--- Dataset content ---

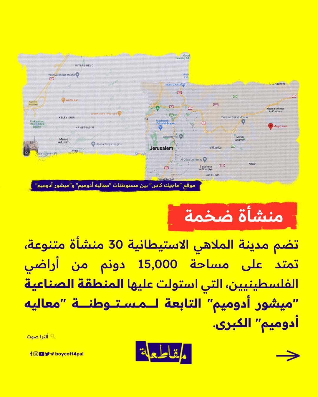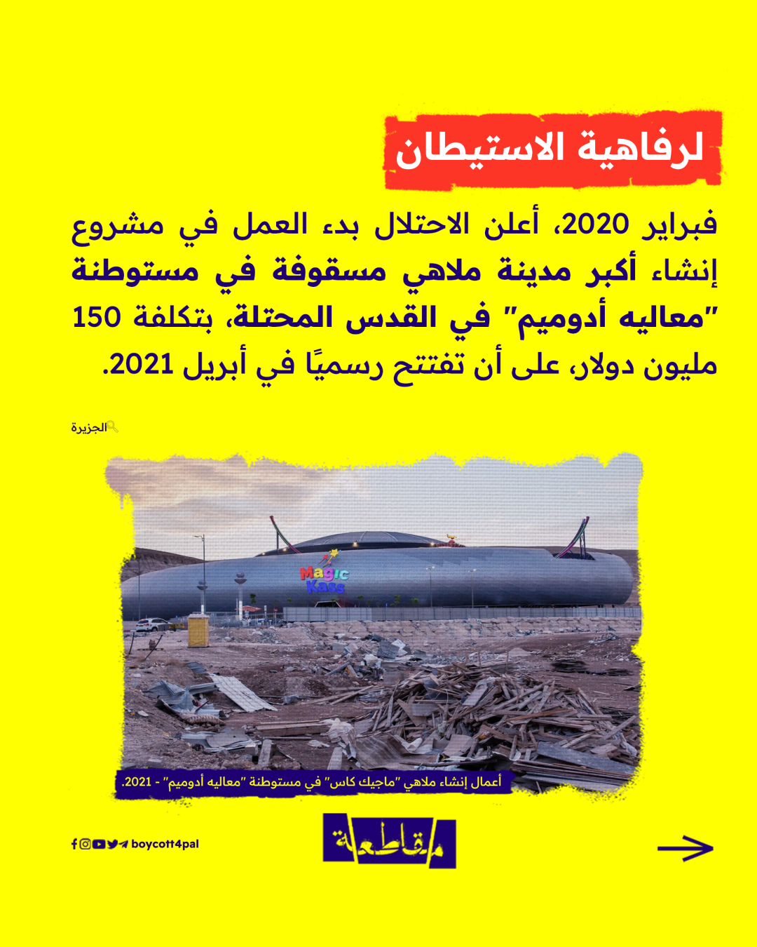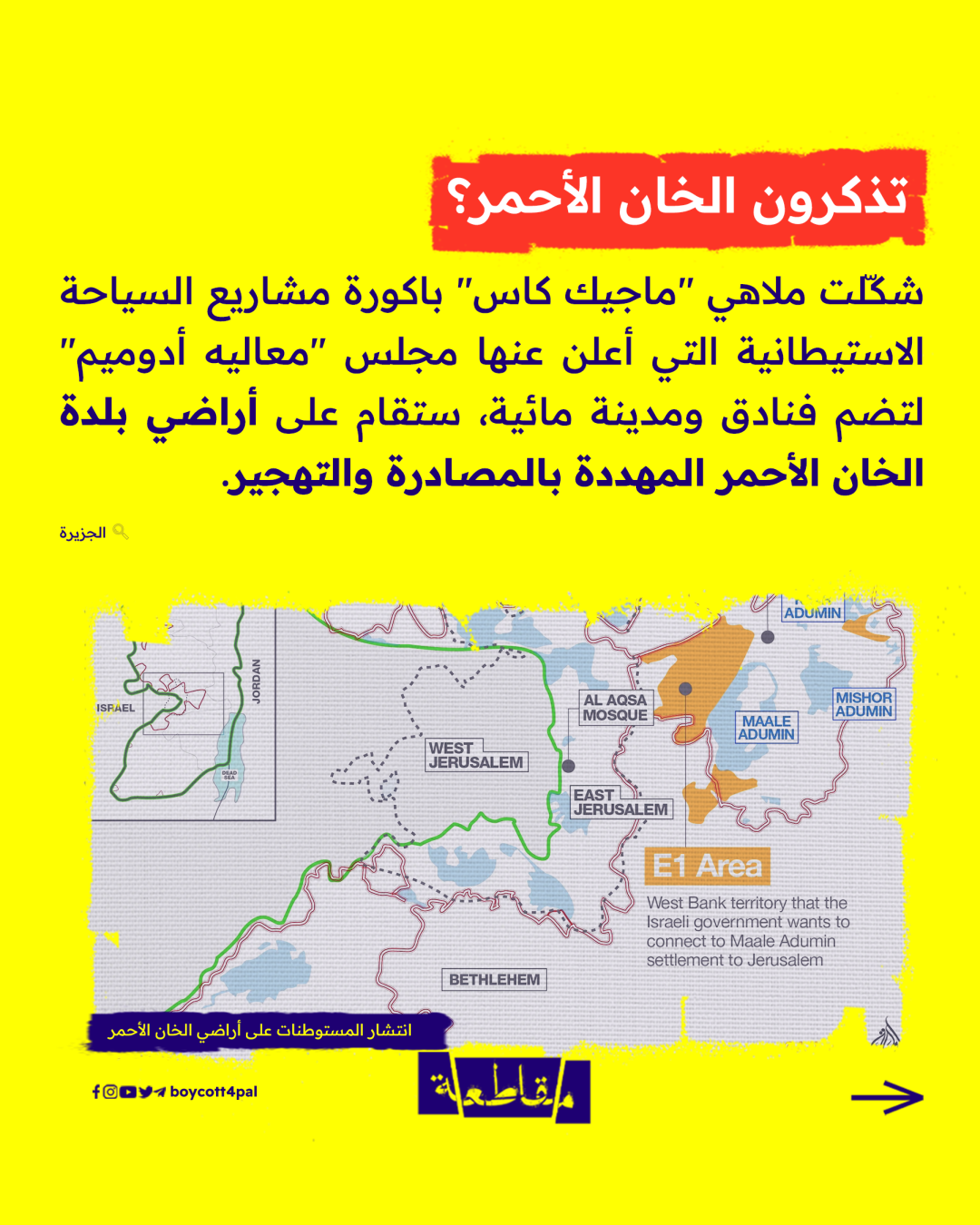 ليست ملاهي!، بل امتدادٌ لمستوطنة "معاليه أدوميم"، مُغتصِبة بلدتي العيزرية وأبو ديس شرقي القدس، وتهديدٌ يطال الخان الأحمر.
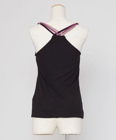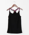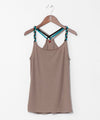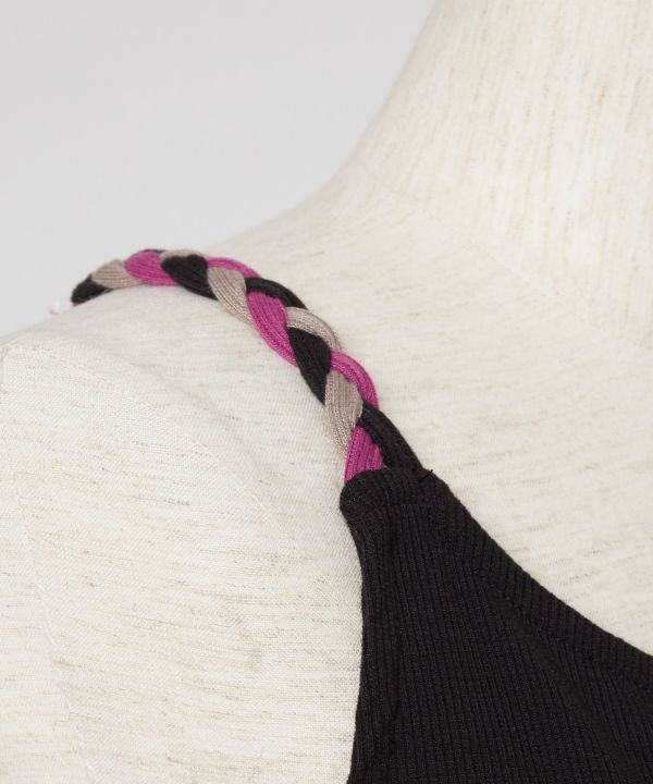 The back style is also unmistakable. The three-colored braids on this camisole add a coordinating accent to your outfit. The ribbed material is also very comfortable to wear. A piece you will want in different colors.
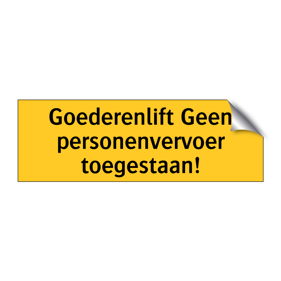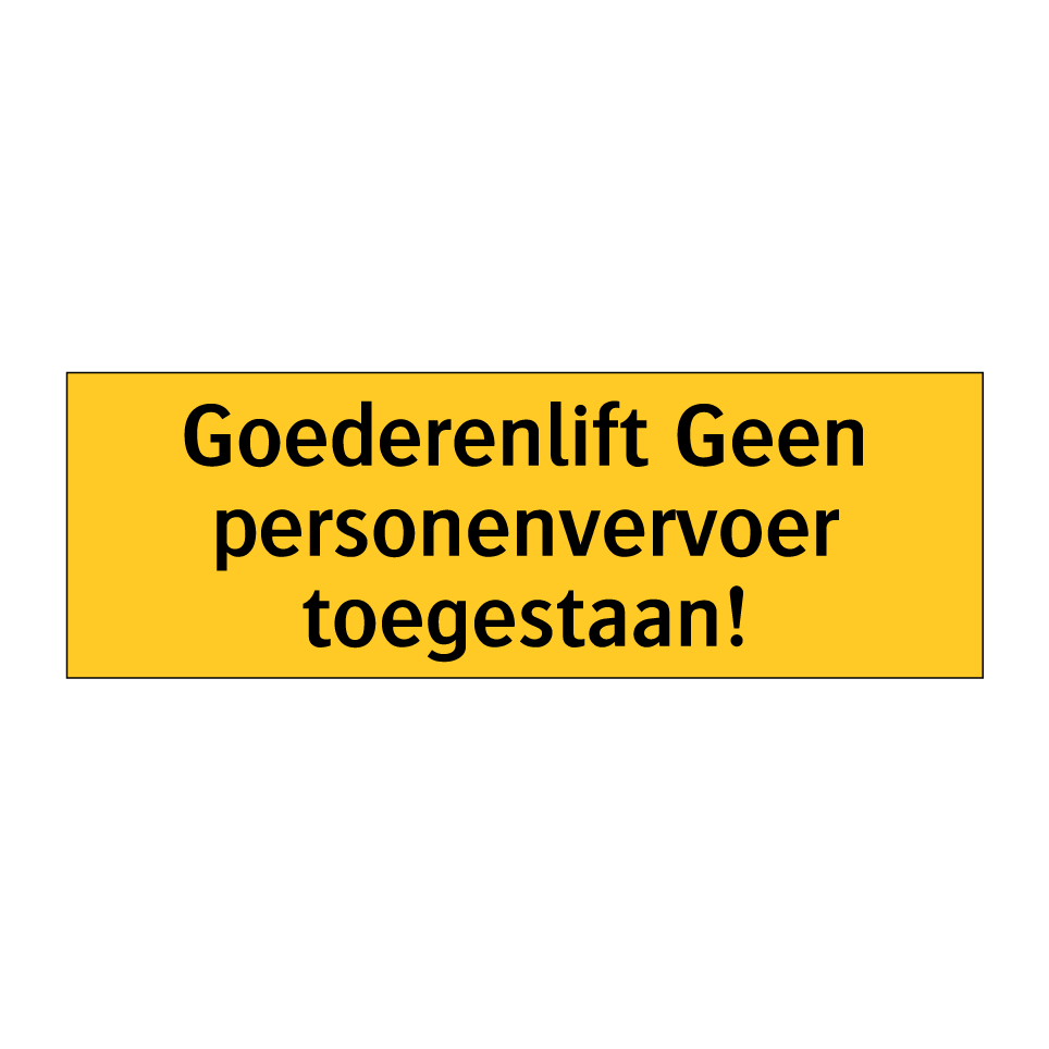 Deze waarschuwingsbord is essentieel voor het waarborgen van de veiligheid in omgevingen waar goederenliften worden gebruikt. Het bord geeft duidelijk aan dat de lift uitsluitend bedoeld is voor het transport van goederen en dat personenvervoer niet is toegestaan. Plaats deze waarschuwingsbord bij de ingang van de goederenlift, in magazijnen, fabrieken, en andere industriële omgevingen om ongelukken te voorkomen en de veiligheid van werknemers te garanderen. Door de opvallende gele achtergrond en zwarte tekst is de boodschap goed zichtbaar en onmiskenbaar. Zorg ervoor dat iedereen op de hoogte is van de regels met deze duidelijke en effectieve waarschuwingsbord.
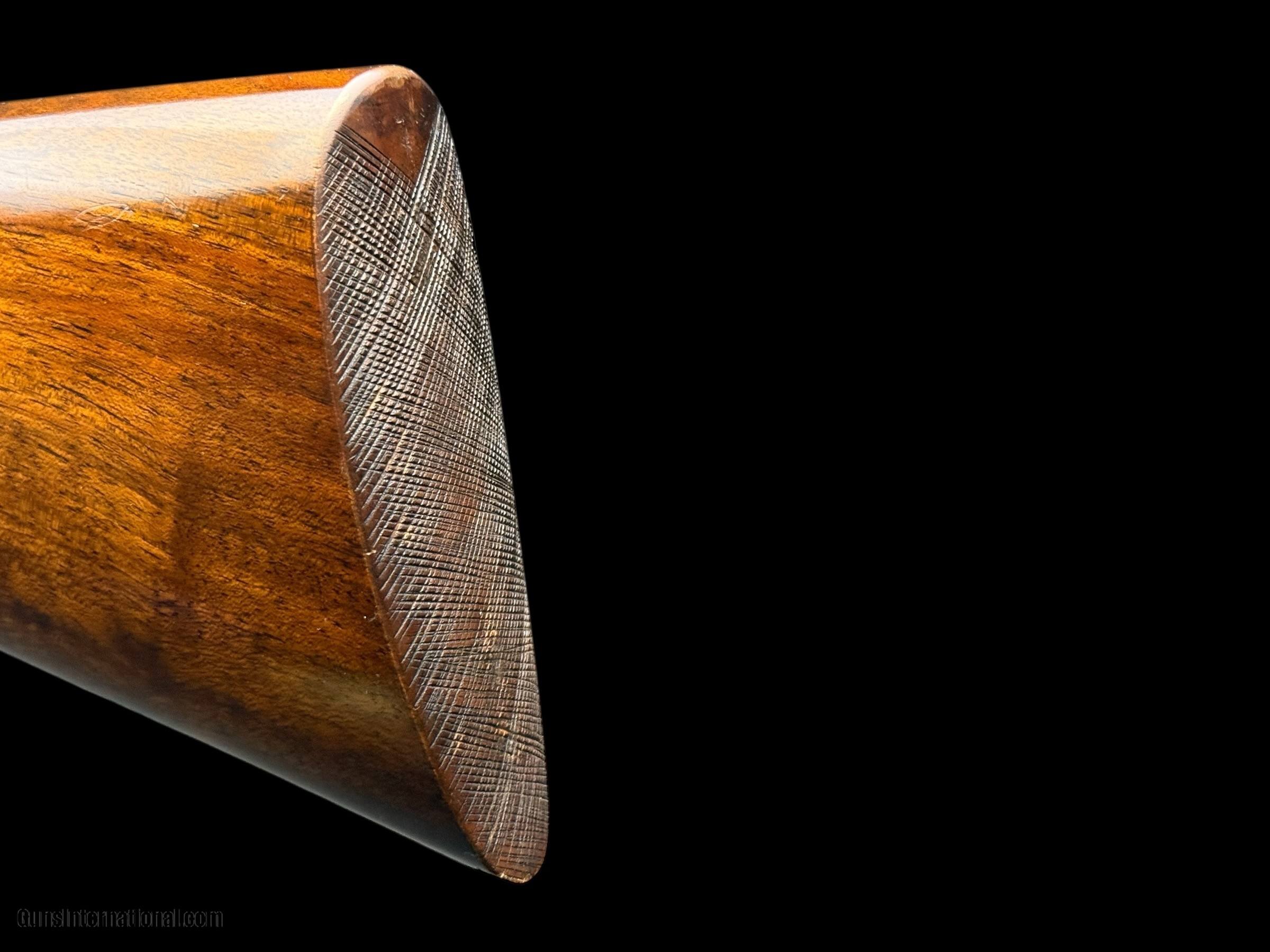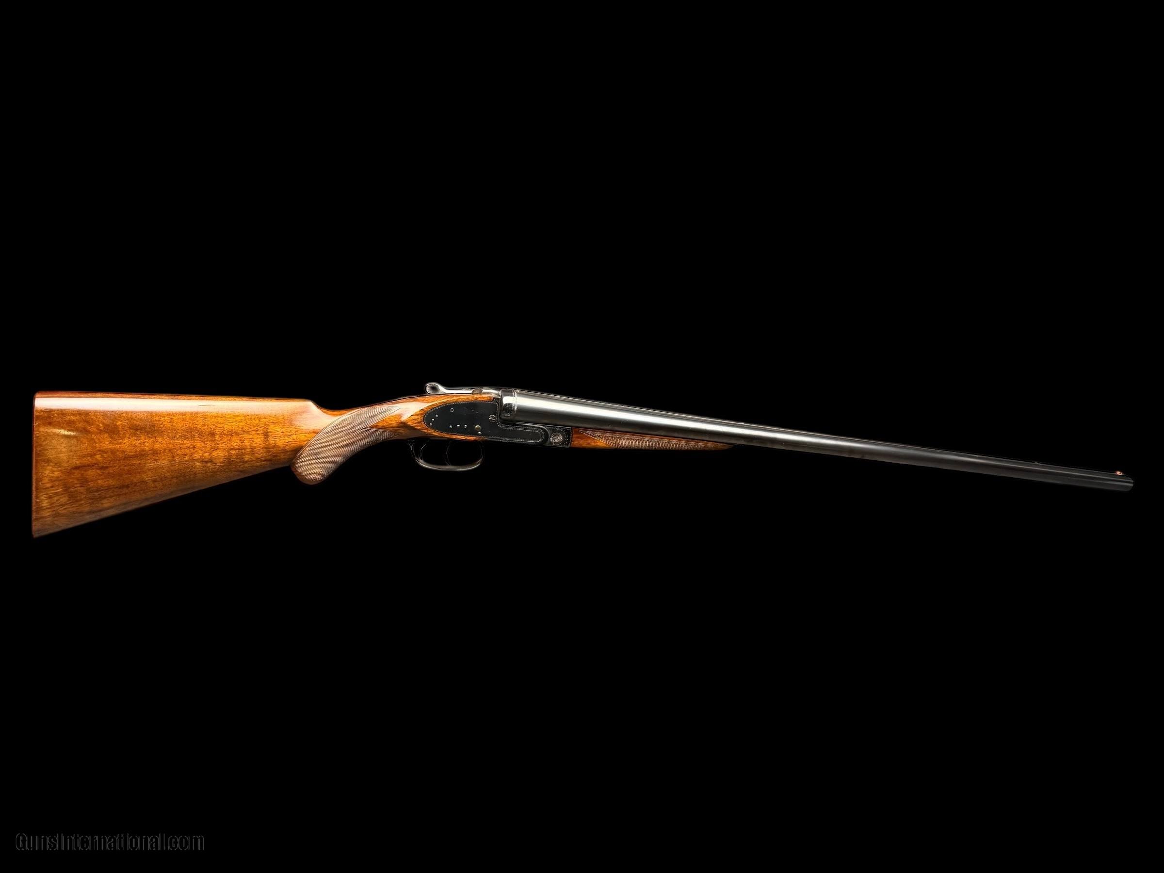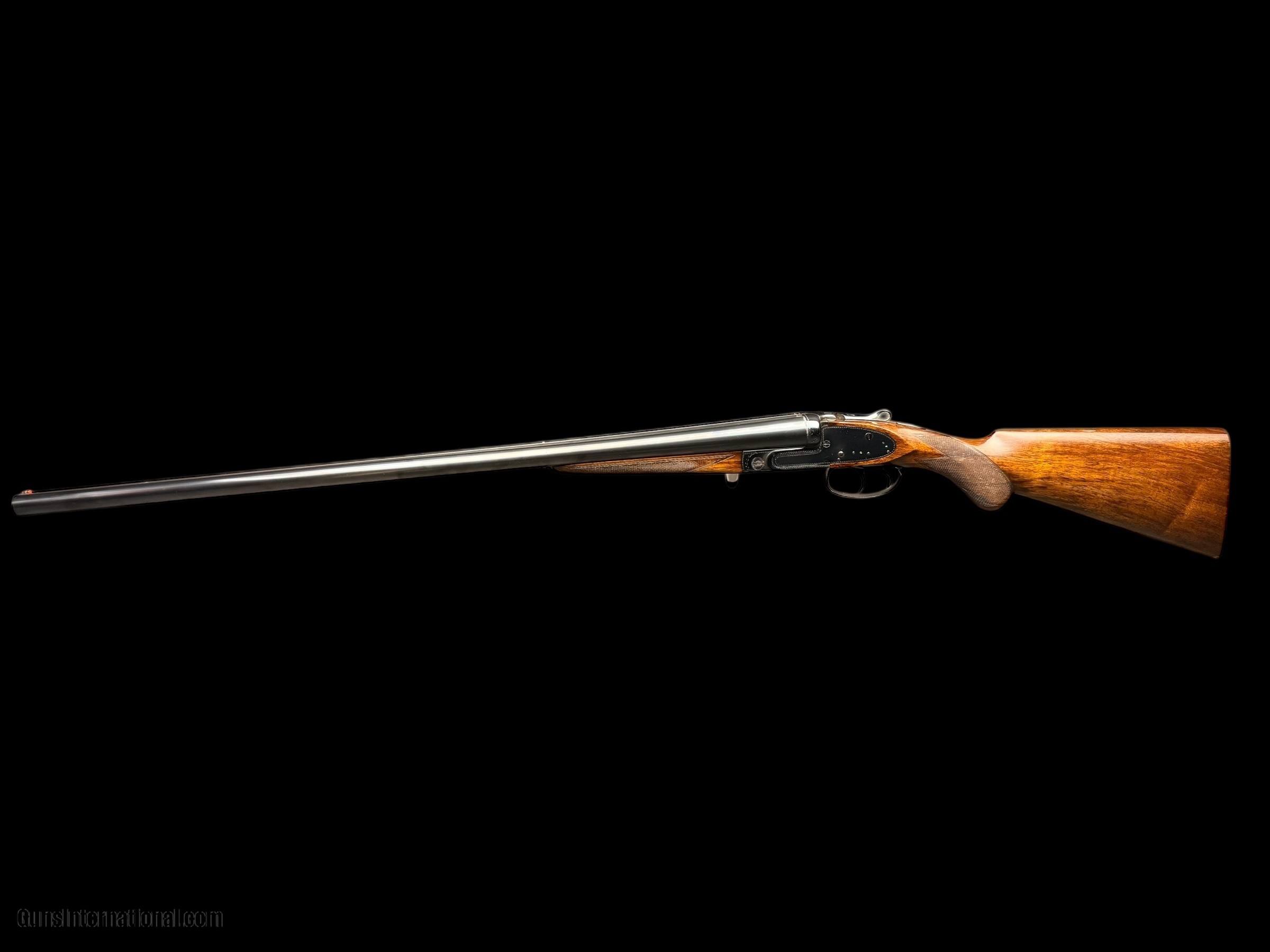 Description: FN (BROWNING) - HERSTAL, BELGIUM - SIDE BY SIDE SIDELOCK GAME GUN - "FN" INSIGNIA ON TOP LEVER. - 12GA - 2 3/4" - 30" BARRELS - DEMI-BLOC - HIDDEN THIRD FASTENER - CHOKES: .016 / .028 - DOUBLE TRIGGERS - NON-AUTO SAFETY - EJECTORS - PRINCE OF WALES WALNUT STOCK AND SPLINTER FOREND - CHECKERED BUTT - DIMS: LOP; 14 1/4" | DAC: 1 1/2" | DAH: 2 1/4" | CAST: SLIGHT CAST-OFF - WEIGHT: 7LBS 4OZ - LOW SERIAL NUMBER: 683 CONDITION: GUN IS IN EXCELLENT OVERALL CONDITION AS EUROPEAN QUALITY RESTORED. ACTION TIGHT AND ON-FACE. TRIGGERS CRISP. BORES CLEAR. EJECTORS STRONG. BLUING AND WOOD FINISHES EXCELLENT. GENTLEMEN, THIS IS A RARELY SEEN SIDELOCK SXS GAME GUN FROM FN BELGIUM. A BLACK BEAUTY AND READY FOR YOUR NEXT TRIP AFIELD. MADE FOR THE EUROPEAN MARKETS. YOU WILL LIKE THIS GUN! FLAT $50 S/H/I - FFL REQUIRED - CARD FEE APPLIES - Shotgun Gauge: 12 Gauge Manufacturer: FN BROWNING Model: SIDELOCK GAME GUN Serial Number: 683 Barrel Length: 30 Chambers: 2.75 OR 70MM Ejectors: YES Condition: EXC Metal Condition: EXC Wood Condition: EXC Bore Condition: EXC Action: SLE Triggers: DOUBLE Price: $3,900.00 Contact Seller |

---

Only lines go in the copy, not pictures. Transcribe exactly from the start of the listing through the line containing "The back style".

**Solution to this task**:
 ليست ملاهي!، بل امتدادٌ لمستوطنة "معاليه أدوميم"، مُغتصِبة بلدتي العيزرية وأبو ديس شرقي القدس، وتهديدٌ يطال الخان الأحمر.
 The back style is also unmistakable. The three-colored braids on this camisole add a coordinating accent to your outfit. The ribbed material is also very comfortable to wear. A piece you will want in different colors.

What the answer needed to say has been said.